> _Data section_:
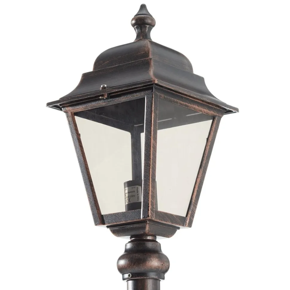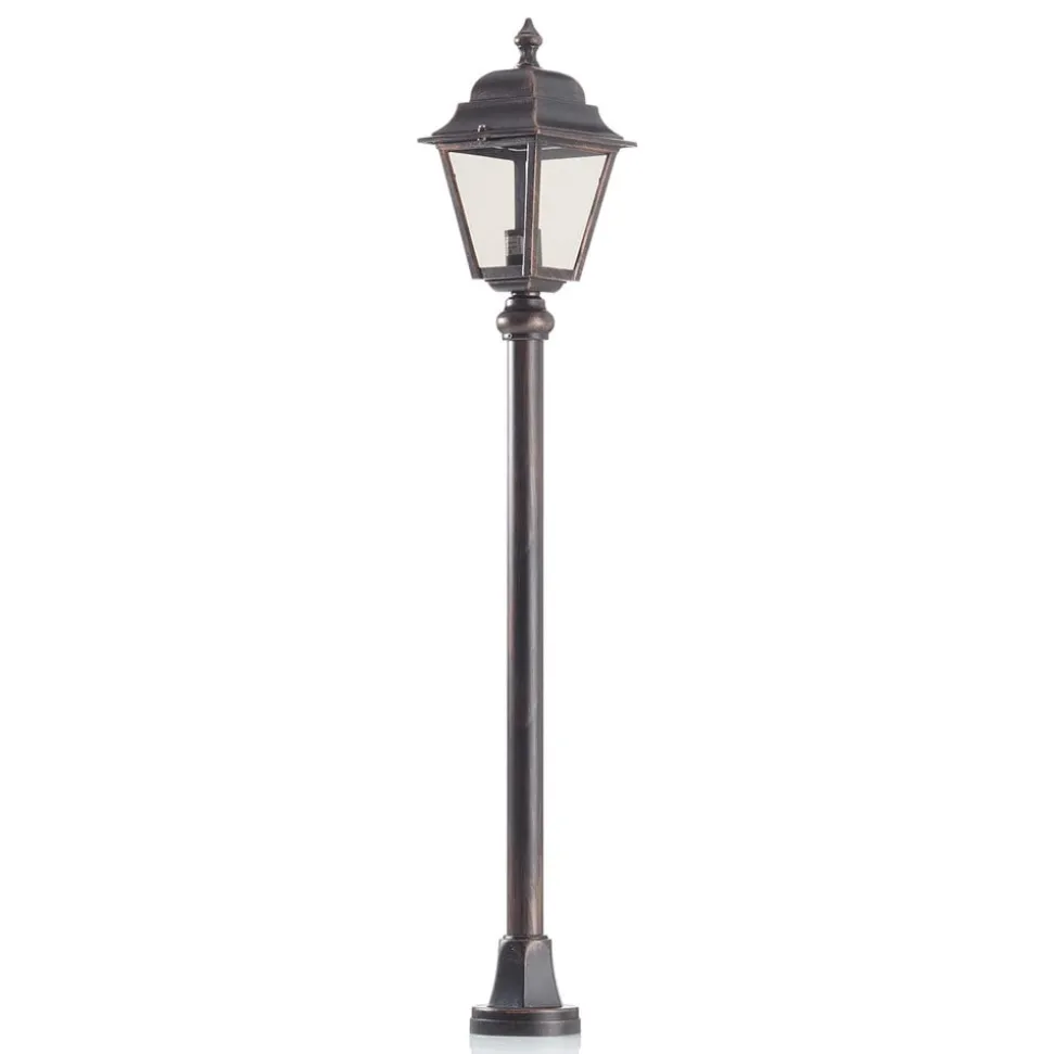 Toulouse – en stibelysning med antik charme Antikke lanterner var inspirationen til designet af den smukke Toulouse-stibelysning. Armaturets base, fod og lanterne er lavet af aluminium og pulverlakeret i et antikt kobberlook. Takket være dette og IP43-beskyttelsesgraden er den optimalt beskyttet mod vejrliget. Takket være det klare glas, som kun er let tonet, oplyser lyskilden – LED er også muligt – store områder.
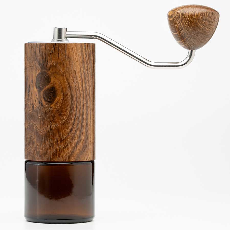 Höljet i vintage-ek ger kvarnen ett tidlöst och hållbart uttryck. Den ergonomiska designen gör malningen smidig och behaglig, och förvandlar varje kaffestund till en liten ritual präglad av kvalitet och hantverk.
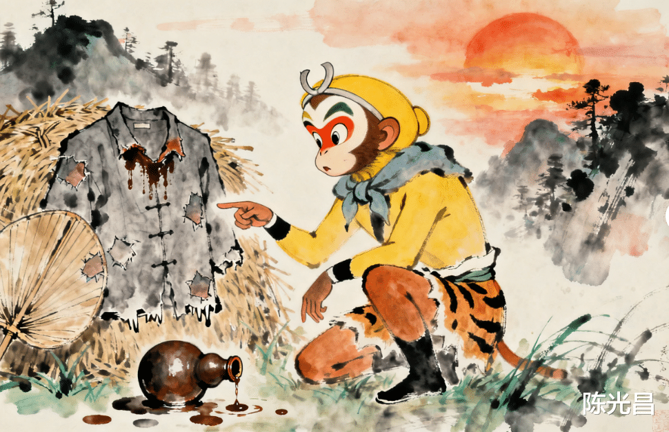 孙小圣揉着发疼的屁股,正想骂骂咧咧,目光却被不远处草堆里的一件破衣吸引。那衣服灰扑扑的,打满了补丁,领口还沾着几块油渍,看着破破烂烂,却透着一股说不出的自在劲儿。旁边还放着一把掉了齿的破蒲扇和一个酒葫芦,葫芦口还残留着几滴酒渍,散发出淡淡的酒香。

> _Assignment_:
Exactly as written above, print every line of the data but not its pictures.

> _Final answer_:
 Toulouse – en stibelysning med antik charme Antikke lanterner var inspirationen til designet af den smukke Toulouse-stibelysning. Armaturets base, fod og lanterne er lavet af aluminium og pulverlakeret i et antikt kobberlook. Takket være dette og IP43-beskyttelsesgraden er den optimalt beskyttet mod vejrliget. Takket være det klare glas, som kun er let tonet, oplyser lyskilden – LED er også muligt – store områder.
 Höljet i vintage-ek ger kvarnen ett tidlöst och hållbart uttryck. Den ergonomiska designen gör malningen smidig och behaglig, och förvandlar varje kaffestund till en liten ritual präglad av kvalitet och hantverk.
 孙小圣揉着发疼的屁股,正想骂骂咧咧,目光却被不远处草堆里的一件破衣吸引。那衣服灰扑扑的,打满了补丁,领口还沾着几块油渍,看着破破烂烂,却透着一股说不出的自在劲儿。旁边还放着一把掉了齿的破蒲扇和一个酒葫芦,葫芦口还残留着几滴酒渍,散发出淡淡的酒香。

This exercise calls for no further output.